U.S. missile defense threatens to nullify Russian nuclear potential – Putin

Missile Defense Control Room file photo

MOSCOW. Dec 20 (Interfax) – Russia’s disregard of U.S. missile defense deployment may damage the national nuclear missile potential, President Vladimir Putin told a press conference on Thursday.

“As we have said before, the creation of such systems by our partners is a threat. It may nullify our nuclear missile potential unless we do something,” he said.

The global strategic balance, which has been protecting mankind from large military conflicts since the WWII, may be disturbed, Putin said.

He recalled that the term “reset” had been suggested by the American partners and noted there was actually nothing to reset because Russia and the U.S. had had a normal relationship.

“The relations deteriorated relatively because we took a different position on Iraq.

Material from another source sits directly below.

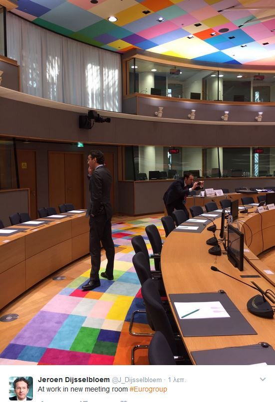 Όπως βλέπουμε στη φωτογραφία που ανέβασε ο Πρόεδρος του Eurogroup στο Twitter, ο ίδιος γράφει: «Κατά την εργασία στη νέα αίθουσα συνεδριάσεων».

That was when the problems started. I would like to note that it was not even our initiative. Our position was prompted, to a degree, by the policy of European partners of the United States – France and Germany – who did not support their (U.S.) steps as regards Iraq either,” he said.

There is no answer to the question who was right, Putin remarked. “They say, ‘Veni, vidi, vici’. Saddam was hanged but the country broke up. Kurdistan is practically an independent actor. There have been so many victims! More than in the entire period of Saddam Hussein’s rule. Was the solution of the Hussein problem adequate or not? It is hard for me to say,” the president said.

He said that such methods were at least dubious.

Missile defense was the second problem that had popped up in Russia-U.S. relations, Putin said.

Plans to deploy missile defense sites in Europe, in particular, in Poland and the Czech Republic, were announced in 2007. The United States agreed to deploy interceptor missiles in Romania in 2010. The network will become fully operational by 2018.

Russia is extremely concerned about the U.S. plans: the deployment of U.S. missile defense infrastructure close to Russian borders may limit the country’s defensive and offensive capabilities. Hence, Moscow insists that the United States and NATO must give legal guarantees that the system would not be targeted against Russia. The guarantees have been refused.

Then President Dmitry Medvedev ordered the Defense Ministry and the Armed Forces on November 23, 2011, to commission a missile attack warning radar station in Kaliningrad and to enhance protection of the strategic nuclear forces.

He also said that strategic ballistic missiles would be equipped to pass through missile defense and the Russian Armed Forces would develop methods of destroying data and control systems of the missile defense network.

U.S. Ambassador to Russia Michael McFaul said in November 2012 that the United States could not give Russia written guarantees because of the unpredictability of threats coming from Iran.